Swami Kriyananda (J Donald Walters) in his book The Hindu Way of Awakening, perspicaciously notes how Westerners confuse between these two closely connected religions, and why people mistakenly consider Buddhism and not Hinduism as the religion of India:
"Hinduism is often omitted from rosters of the world's great religions. Everyone knows, of course, that Hinduism exists. Even so, it is confused in many people's minds with what they think of as Buddhism. For Buddhism fits into their concepts of what a religion ought to be...
"Even if the Westerner holds good intention towards India… he may see Hinduism as containing some of the worst examples of Paganism. Small wonder, then, that many people look upon Buddhism as the noblest representative of India's religion, and turn to it when wanting an Indian religion to place among the great religions of the world.
"While Buddhism is relatively simple, Hinduism is complex…Buddhism seems, to Westerners especially, to offer a benign and palatable form of the Indian religious experience. Most students of religion know that Buddha tried to reform some of the ancient practices; they think of him as having brought order and sophistication to primitive chaos. When they prepare lists of the great world religions they think of themselves as demonstrating respect for the religion of India by calling it Buddhism. Most of them are not conscious of their mistake."
Buddha, as we know, began his meditation as a Hindu. He was awakened with a new enlightenment only to denounce Hinduism and emerge as the founder of a new religion. Therefore, to understand Buddhism fully, one should not separate it from Hinduism; while at the same time view it separately from Hinduism. Buddha's way of life was "the golden mean" and a relief from the pagan stigmas and caste system prevalent in Hinduism.
The Hindu caste system defined a person's position in society as determined by their birth. Buddha condemned the Hindu caste system and said that it is karma or the good and bad actions of a person and not birth that should determine a person's caste.

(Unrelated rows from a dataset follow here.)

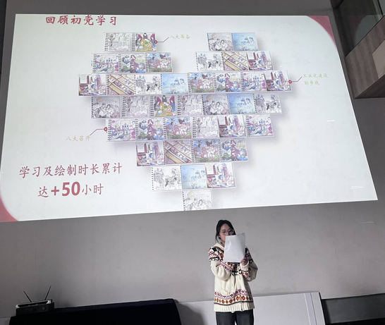 在实践环节,我院组织开展了“初心之路,党旗引领”——打造红色绘本的实践活动,学员们通过开会讨论、分工协作,将党史故事以绘画绘本形式的展现出来。最后进行实践成果汇报展示,希望以讲促学的方式促进学员共同感悟红色故事。该环节不仅使学员们对党的伟大精神有了更生动且深刻的感悟,坚定了入党信念,同时也产生了多幅优秀作品,培训取得了显著成效。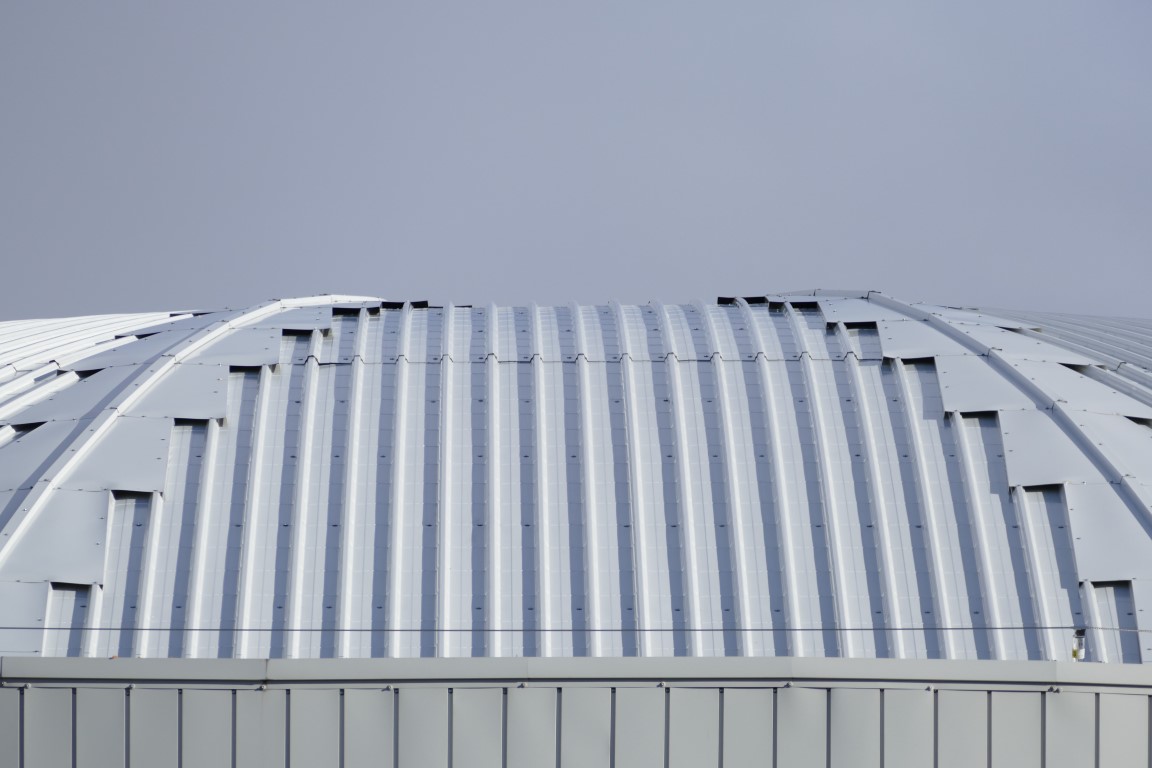 Para garantizar el comportamiento térmico y acústico de la cubierta se ha adoptado una solución sandwich in situ con el perfil INCO 44.4 Curvado, tanto en el interior como en el exterior, intercalando un aislamiento térmico entre ambos perfiles.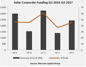 太陽(yáng)能企業(yè)的風(fēng)險(xiǎn)投資(VC)資金比一年前強(qiáng)勁,第二季度第三季度回升,同比增長(zhǎng)7%至2017年前九個(gè)月的9.85億美元。

He introduced the idea of placing morality and equality on a higher place than genealogy of a person.
Jesus had the same relationship to Judaism as Buddha to Hinduism. Both Hinduism and Judaism are ethnic and non-missionary traditions, and are characterised by an element of segregation between the castes and races, unlike Buddhism and Christianity.

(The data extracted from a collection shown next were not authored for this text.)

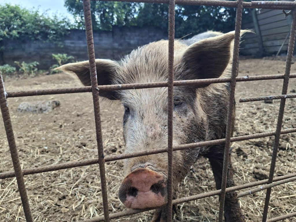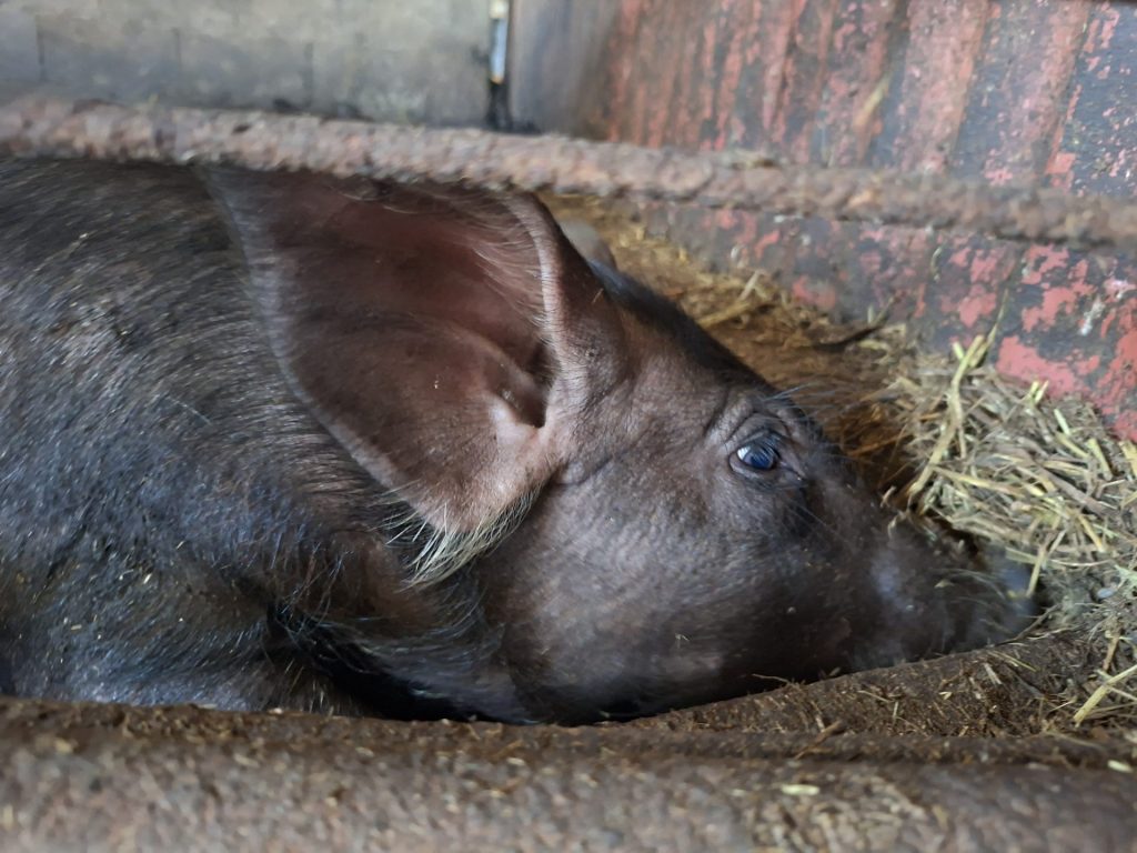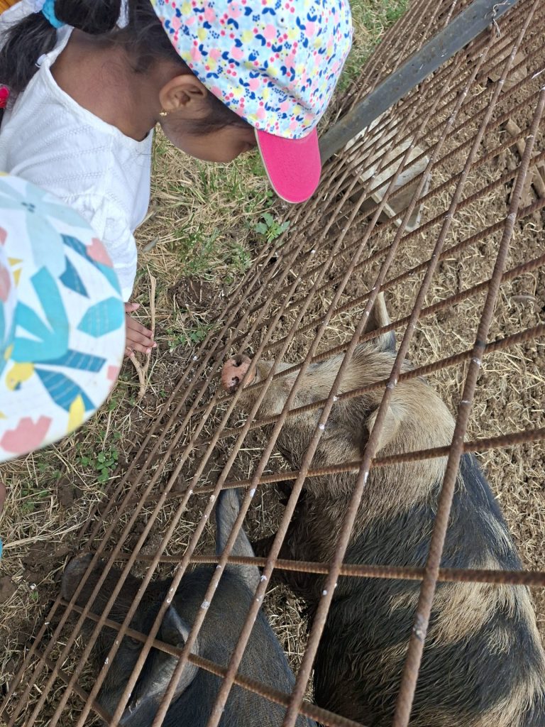 Les cochons faisaient la sieste à l’ombre! On les a caressé ! Ils avaient des poils très durs et ils sentaient un petit peu mauvais !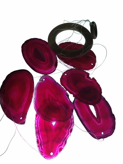 The Agate Necklace is available in three captivating colors: Pink, Blue, and Brown. Each color is carefully selected to highlight the natural beauty of the agate stones, making every piece unique. The necklace features seven pieces of agate, each slab showcasing its own distinct patterns and hues, ensuring that no two necklaces are alike.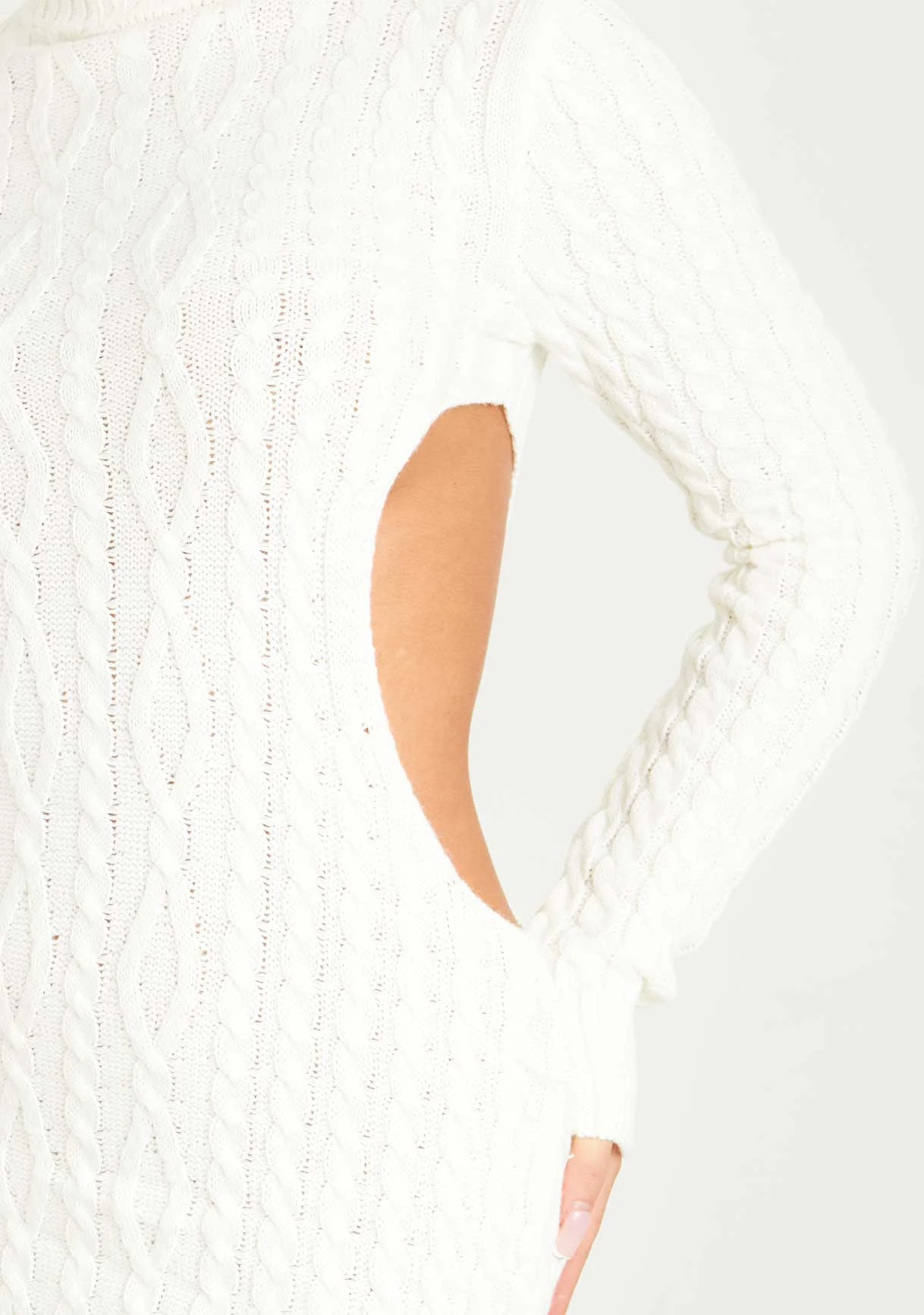 We are loving knit dresses for the new season and this style is at the top of our hit list. Features cable knit design in a cream material, long sleeves, open cut on both sides and bodycon fit to snatch those curves, girl!Â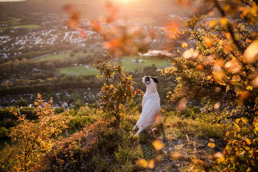 - This is a beautiful image. The camera angle, shot through some foreground branches, makes the viewer feel as though they are sneaking a peek at this beautiful older dog sitting on the bluff overlooking a stunning landscape. Nicely seen and captured. ~ illona

Swami Kriyananda compares Buddha's position relative to Hinduism with Martin Luther's to the Roman Catholic Church: "Both men were reformers, and the structure reformed by each was not supplanted by his teachings. The Catholic Church survives to this day, and has in many ways been strengthened by Luther's reforms. Hinduism similarly was purified and strengthened by the teachings of Buddha, and was in no way replaced by them. Most Hindus today look upon Buddha as one of their own Avatars or Divine Incarnations."
Hindus believe that the purpose of the avatar of Buddha, like all divine avatars, was to re-establish dharma where "adharma" (irreligiousness) had become prevalent. Buddha is regarded by some sects of Hindus as an incarnation of Vishnu, or even as a Hindu. This is because Buddha's theistic beliefs are not contrary to Hinduism, but only a step ahead. This is also because the nature of Hinduism itself is such that all beliefs are recognized as being facets of the Ultimate Truth. It is interesting to note that the word "Nirvana" — used by Lord Buddha to describe the state of permanent bliss — is indeed a Vedic term.
The great unification of Buddhism and Hinduism is still prevalent in Nepal, the birthplace of Buddha. Ironically, Nepal is the world's only Hindu nation, where people don't consider the two religions distinct from each other.